* **Instructions to follow**
Every line of the listing that follows must be written out unchanged.

* **Exercise input**
###

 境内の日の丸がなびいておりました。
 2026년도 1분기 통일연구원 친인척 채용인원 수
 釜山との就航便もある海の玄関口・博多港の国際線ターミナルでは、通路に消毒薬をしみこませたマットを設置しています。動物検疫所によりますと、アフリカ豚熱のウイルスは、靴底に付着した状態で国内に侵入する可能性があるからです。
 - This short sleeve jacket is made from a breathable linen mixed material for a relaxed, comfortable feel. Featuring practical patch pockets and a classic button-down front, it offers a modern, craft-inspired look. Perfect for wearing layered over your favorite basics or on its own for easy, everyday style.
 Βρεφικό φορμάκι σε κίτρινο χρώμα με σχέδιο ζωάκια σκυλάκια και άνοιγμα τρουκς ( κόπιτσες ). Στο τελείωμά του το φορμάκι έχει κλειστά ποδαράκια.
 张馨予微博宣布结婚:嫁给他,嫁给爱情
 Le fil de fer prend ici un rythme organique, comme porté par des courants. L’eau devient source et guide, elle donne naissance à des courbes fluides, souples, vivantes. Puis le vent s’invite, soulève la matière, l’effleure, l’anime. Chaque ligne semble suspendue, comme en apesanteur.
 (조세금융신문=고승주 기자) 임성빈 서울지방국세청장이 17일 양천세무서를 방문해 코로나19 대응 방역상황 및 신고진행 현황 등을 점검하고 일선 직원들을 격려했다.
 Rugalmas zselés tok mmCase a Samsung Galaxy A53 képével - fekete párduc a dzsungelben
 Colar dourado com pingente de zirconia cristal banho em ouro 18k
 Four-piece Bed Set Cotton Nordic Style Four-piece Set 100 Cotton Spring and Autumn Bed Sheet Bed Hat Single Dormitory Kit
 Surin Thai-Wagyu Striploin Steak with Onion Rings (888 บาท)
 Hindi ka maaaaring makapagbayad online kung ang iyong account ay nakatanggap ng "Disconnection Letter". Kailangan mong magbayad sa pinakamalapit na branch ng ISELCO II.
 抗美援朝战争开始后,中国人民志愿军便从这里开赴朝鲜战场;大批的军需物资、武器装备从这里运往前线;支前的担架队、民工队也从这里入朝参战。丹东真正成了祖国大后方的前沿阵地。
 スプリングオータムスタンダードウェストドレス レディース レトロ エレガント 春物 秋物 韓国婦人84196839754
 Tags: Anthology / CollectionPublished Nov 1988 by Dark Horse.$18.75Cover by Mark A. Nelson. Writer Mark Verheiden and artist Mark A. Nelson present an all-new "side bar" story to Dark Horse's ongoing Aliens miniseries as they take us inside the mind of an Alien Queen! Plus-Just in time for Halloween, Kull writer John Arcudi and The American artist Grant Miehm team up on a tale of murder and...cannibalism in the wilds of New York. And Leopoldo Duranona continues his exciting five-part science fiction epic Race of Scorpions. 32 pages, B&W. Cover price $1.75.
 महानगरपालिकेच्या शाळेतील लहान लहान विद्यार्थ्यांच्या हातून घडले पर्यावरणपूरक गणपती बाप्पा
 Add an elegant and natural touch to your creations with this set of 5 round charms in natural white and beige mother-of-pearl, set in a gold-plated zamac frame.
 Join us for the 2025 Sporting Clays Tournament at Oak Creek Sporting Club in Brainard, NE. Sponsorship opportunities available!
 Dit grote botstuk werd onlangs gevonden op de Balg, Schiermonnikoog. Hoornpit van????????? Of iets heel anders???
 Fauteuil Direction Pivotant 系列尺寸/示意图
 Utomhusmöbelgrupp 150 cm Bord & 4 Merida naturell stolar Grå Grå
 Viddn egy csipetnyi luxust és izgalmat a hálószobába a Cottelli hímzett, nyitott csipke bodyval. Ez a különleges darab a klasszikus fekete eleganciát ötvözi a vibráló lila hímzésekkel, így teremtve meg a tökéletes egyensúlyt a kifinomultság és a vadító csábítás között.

###

* **Task result**
 境内の日の丸がなびいておりました。
 2026년도 1분기 통일연구원 친인척 채용인원 수
 釜山との就航便もある海の玄関口・博多港の国際線ターミナルでは、通路に消毒薬をしみこませたマットを設置しています。動物検疫所によりますと、アフリカ豚熱のウイルスは、靴底に付着した状態で国内に侵入する可能性があるからです。
 - This short sleeve jacket is made from a breathable linen mixed material for a relaxed, comfortable feel. Featuring practical patch pockets and a classic button-down front, it offers a modern, craft-inspired look. Perfect for wearing layered over your favorite basics or on its own for easy, everyday style.
 Βρεφικό φορμάκι σε κίτρινο χρώμα με σχέδιο ζωάκια σκυλάκια και άνοιγμα τρουκς ( κόπιτσες ). Στο τελείωμά του το φορμάκι έχει κλειστά ποδαράκια.
 张馨予微博宣布结婚:嫁给他,嫁给爱情
 Le fil de fer prend ici un rythme organique, comme porté par des courants. L’eau devient source et guide, elle donne naissance à des courbes fluides, souples, vivantes. Puis le vent s’invite, soulève la matière, l’effleure, l’anime. Chaque ligne semble suspendue, comme en apesanteur.
 (조세금융신문=고승주 기자) 임성빈 서울지방국세청장이 17일 양천세무서를 방문해 코로나19 대응 방역상황 및 신고진행 현황 등을 점검하고 일선 직원들을 격려했다.
 Rugalmas zselés tok mmCase a Samsung Galaxy A53 képével - fekete párduc a dzsungelben
 Colar dourado com pingente de zirconia cristal banho em ouro 18k
 Four-piece Bed Set Cotton Nordic Style Four-piece Set 100 Cotton Spring and Autumn Bed Sheet Bed Hat Single Dormitory Kit
 Surin Thai-Wagyu Striploin Steak with Onion Rings (888 บาท)
 Hindi ka maaaaring makapagbayad online kung ang iyong account ay nakatanggap ng "Disconnection Letter". Kailangan mong magbayad sa pinakamalapit na branch ng ISELCO II.
 抗美援朝战争开始后,中国人民志愿军便从这里开赴朝鲜战场;大批的军需物资、武器装备从这里运往前线;支前的担架队、民工队也从这里入朝参战。丹东真正成了祖国大后方的前沿阵地。
 スプリングオータムスタンダードウェストドレス レディース レトロ エレガント 春物 秋物 韓国婦人84196839754
 Tags: Anthology / CollectionPublished Nov 1988 by Dark Horse.$18.75Cover by Mark A. Nelson. Writer Mark Verheiden and artist Mark A. Nelson present an all-new "side bar" story to Dark Horse's ongoing Aliens miniseries as they take us inside the mind of an Alien Queen! Plus-Just in time for Halloween, Kull writer John Arcudi and The American artist Grant Miehm team up on a tale of murder and...cannibalism in the wilds of New York. And Leopoldo Duranona continues his exciting five-part science fiction epic Race of Scorpions. 32 pages, B&W. Cover price $1.75.
 महानगरपालिकेच्या शाळेतील लहान लहान विद्यार्थ्यांच्या हातून घडले पर्यावरणपूरक गणपती बाप्पा
 Add an elegant and natural touch to your creations with this set of 5 round charms in natural white and beige mother-of-pearl, set in a gold-plated zamac frame.
 Join us for the 2025 Sporting Clays Tournament at Oak Creek Sporting Club in Brainard, NE. Sponsorship opportunities available!
 Dit grote botstuk werd onlangs gevonden op de Balg, Schiermonnikoog. Hoornpit van????????? Of iets heel anders???
 Fauteuil Direction Pivotant 系列尺寸/示意图
 Utomhusmöbelgrupp 150 cm Bord & 4 Merida naturell stolar Grå Grå
 Viddn egy csipetnyi luxust és izgalmat a hálószobába a Cottelli hímzett, nyitott csipke bodyval. Ez a különleges darab a klasszikus fekete eleganciát ötvözi a vibráló lila hímzésekkel, így teremtve meg a tökéletes egyensúlyt a kifinomultság és a vadító csábítás között.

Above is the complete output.